The material below holds pictures; leave them out, and copy exactly, and only, the lines from the one with "sofort zum Download." through the last.

◆ **COLLECTED DATA**
####

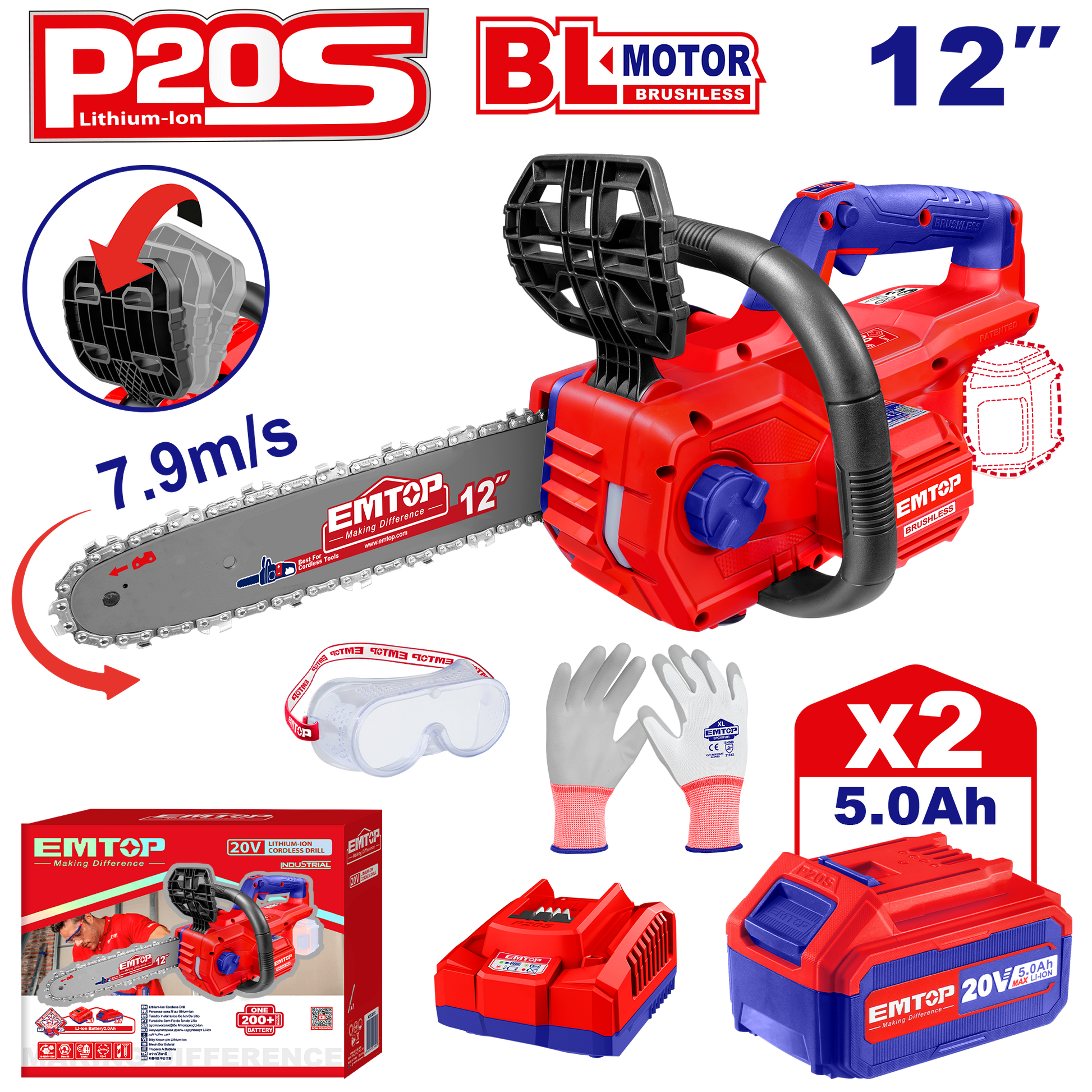 Emtop Fırçasız motorGərginlik: 20VZəncir sürəti: 7.9 m/sBar uzunluğu: 12" (30cm)Sürətli zəncir əyləci funksiyasıAvtomatik yağlama sistemi Daxildir:1 ədəd 12" mişar zənciri1 ədəd 12" zəncirli mişar barı1 ədəd PU örtüklü əlcək1 ədəd təhlükəsizlik eynəyi2 ədəd 5.0Ah batareya paketi (EBPK2003)1 ədəd 4A şarj cihazı (EFCR20411E)Şarj gərginliyi: 220-240V~50/60HzRəngli qutu ilə qablaşdırılıb
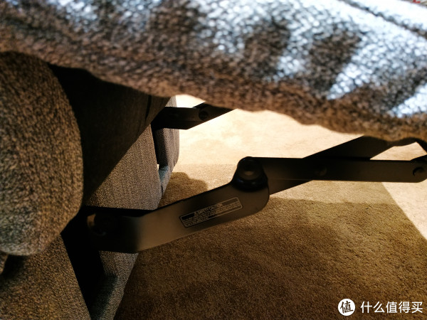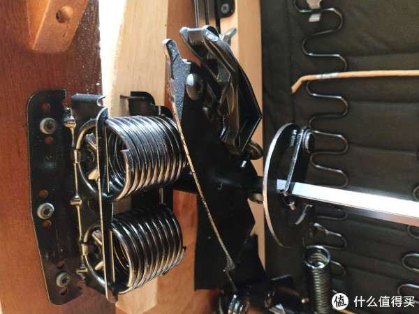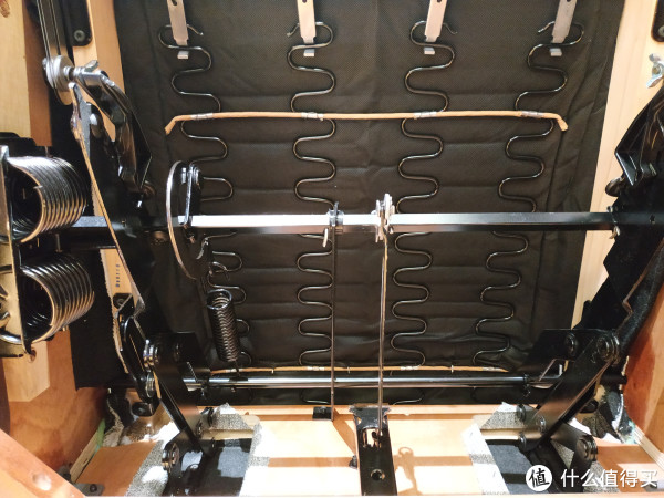 两侧有四个粗大的弹簧,应该是起到整个沙发的支撑作用。所能见到的钢制结构件看起来都非常粗壮厚实。
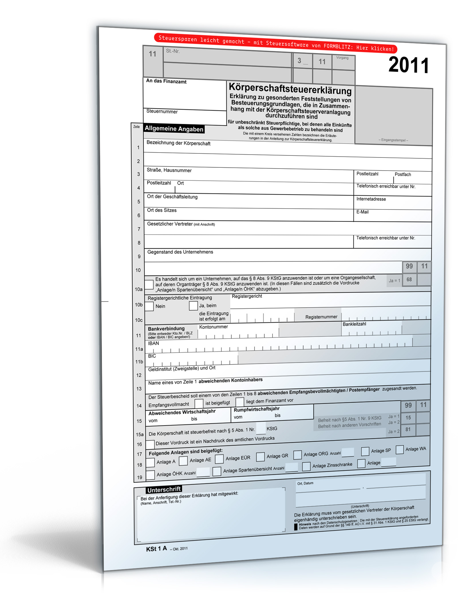 Steuerformular "Körperschaftsteuererklärung" für 2011 sofort zum Download.
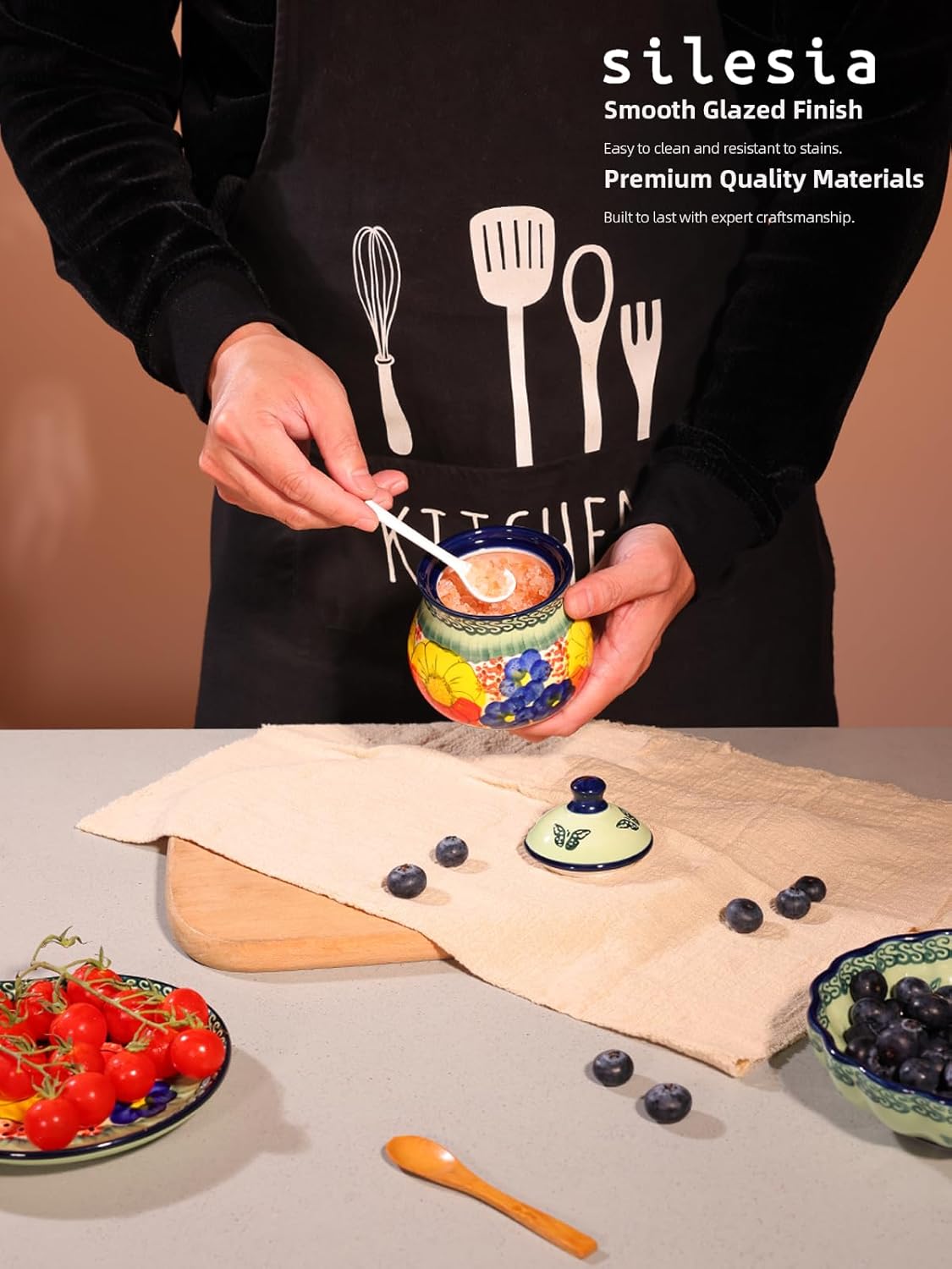 silesia Handmade Sugar Bowl with Lid and Spoon, 9 Ounce Ceramic Hand-Painted Sugar Jar for Home in Gift Box, Kitchen Decor, Oven, Dishwasher & Microwave Safe, Glazed Green

####

◆ **SOLUTION**
 Steuerformular "Körperschaftsteuererklärung" für 2011 sofort zum Download.
 silesia Handmade Sugar Bowl with Lid and Spoon, 9 Ounce Ceramic Hand-Painted Sugar Jar for Home in Gift Box, Kitchen Decor, Oven, Dishwasher & Microwave Safe, Glazed Green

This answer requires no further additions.